The legislative branch should naturally be supporting American innovation.

Also, if we are going to be speaking about education, then is it valuable to ensure that crypto developers are educated to mitigate legal issues in the first place?

The CryptoJitt Brief's avatar

Developer liability is the sleeper issue in this whole debate. While everyone watches the stablecoin and market-structure fights, whether writing open-source code makes you a money transmitter is what actually decides if builders stay onshore. A PAC funding that specific fight is smarter than another broad pro-crypto push. The Tornado Cash precedent still hangs over every protocol dev's head.

The CryptoJitt Brief's avatar

A dev-focused PAC is overdue. The Tornado Cash and Samourai cases showed the real chilling effect isn't on traders, it's on the people writing open-source code who can't price legal risk. The smart move is tying endorsements to specific safe-harbor language in Clarity, not just "pro-crypto" votes.

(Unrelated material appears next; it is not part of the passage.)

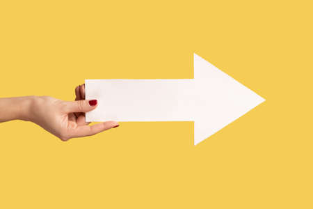 Closeup profile side view of woman hand showing white arrow in hands indicating aside, showing right direction. Indoor studio shot isolated on yellow background.
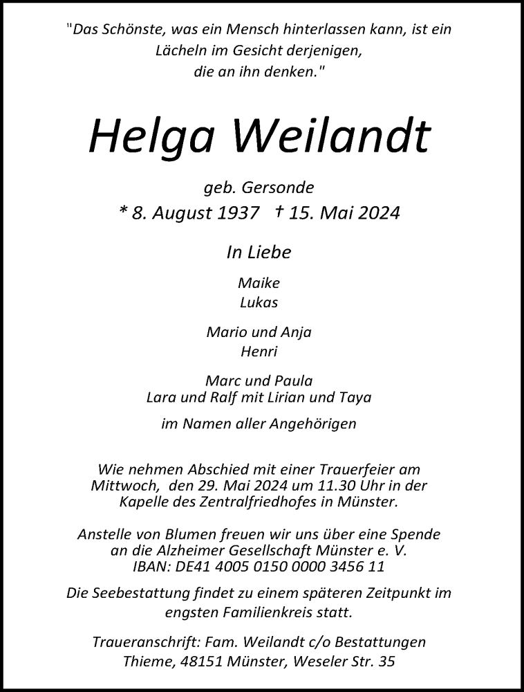 Hier finden Sie alle Traueranzeigen aus der Zeitung, die bisher für Helga Weilandt erschienen sind. Weitere Traueranzeigen, die in der Zeitung erscheinen, werden hier ebenfalls aufgelistet

Vague support is exactly how good bills get watered down in conference.

The CryptoJitt Brief's avatar

The incumbent-only strategy is the interesting tell here - with Clarity fighting for Senate calendar space before July 4, six figures across dozens of races reads less like winning elections and more like buying attention from members already at the table. The developer-liability question really is the whole ballgame for DeFi.

The CryptoJitt Brief's avatar

The narrow focus is what makes this one interesting. Tornado Cash showed how fast writing code turned into legal exposure, and a PAC built only around developer liability can move faster than the broad market-structure lobbying tied up in the Clarity Act calendar. Narrow asks tend to pass. Worth watching whether that same focus shows up in Tuesday's Ways & Means hearing on the de minimis tax question.